It begins at the movie theatre where boy meets girl and boy is smitten at first sight. He asks her name and where she lives but when the movie ends she disappears into the night.
He can’t get her out of his mind. She’s made an indelible impression and he’s determined to find her again. He goes to the public phone box to search the phone book. Unfortunately her surname is Smith. He wades through page after page after page, not once, not twice but three times. With his frustration and desperation levels rising rapidly he begins again and this time with microscopic accuracy. Every page he doesn’t find her, he tears out and soon the box is littered with discarded Smiths lying helplessly on the floor.
On the very last page he finds her.
There was no doubting his commitment or his love. Once when she went on holidays to the Blue Mountains, he rode his pushbike, the sort without gears, the 124kms up the steep mountain passes just so they could spend time together.
They longed to get married but it was the middle of the Great Depression and there were few jobs and even less money.

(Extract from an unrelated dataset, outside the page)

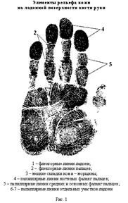Известно, что рельеф кожного покрова неодинаков. На ладонях (ступнях ног) кроме валикообразных выступов, называемых папиллярными линиями и разделенных бороздками, есть флексорные (сгибательные) линии, морщины и складки (белые линии), а также поры. Самые заметные элементы рельефа флексорные линии. Белые линии (морщины) появляются вследствие потери эластичности и сухости кожи, а также возрастных изменений. Эти линии играют при идентификации, как правило, вспомогательную роль. Наиболее значимы папиллярные линии и поры, имеющие различную форму и расположенные на разном расстоянии одна от другой и от краев папиллярных линий. Эти линии на ладонях и ногтевых фалангах пальцев обладают достаточно сложным и разнообразным строением (см. рис. 1).
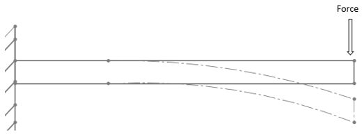 Explaination : The above diagram is showing a typical bending concept. Bending as shown in the diagram is a combination of tension and compression. As shown in the diagram top portion is experiencing compression. Bottom portion is experiencing tension as seen in the diagram.

He was determined to buy her an engagement ring and earn enough to pay for a wedding so he headed to Central Western NSW to the little wheat belt town of Caragabal and got a job on the railways. It was mid summer, the heat intense, but he refused to give up until he had saved what they needed.
This story came back to me last week when I heard about a man texting the woman he had been dating for some time, to break off the relationship saying it just wasn’t working for him.
She was absolutely devastated and although it was best she discovered the caliber of the man sooner rather than later, it isn’t the first time I’ve heard about this happening.
Is this what love has been reduced to in a digital age? Are online dating, speed dating and social media chipping away at the very essence of love, of loyalty, commitment and perseverance? Is love becoming easy and dispensable? And is communication being reduced to a handful of letters on a screen rather than the tough face to face discussions that build strong foundations for a relationship?
My parent’s love was tested in the furnace of adversity. It was neither easy or dispensable but persevering and stronger for the struggle. And it stood by them in the hardships ahead, ones they couldn’t have contemplated including the loss of a child.
Love, in all its complexities is the most powerful force in the universe but it comes at a price … the cost of self-sacrifice … the cost of giving up ourselves for another.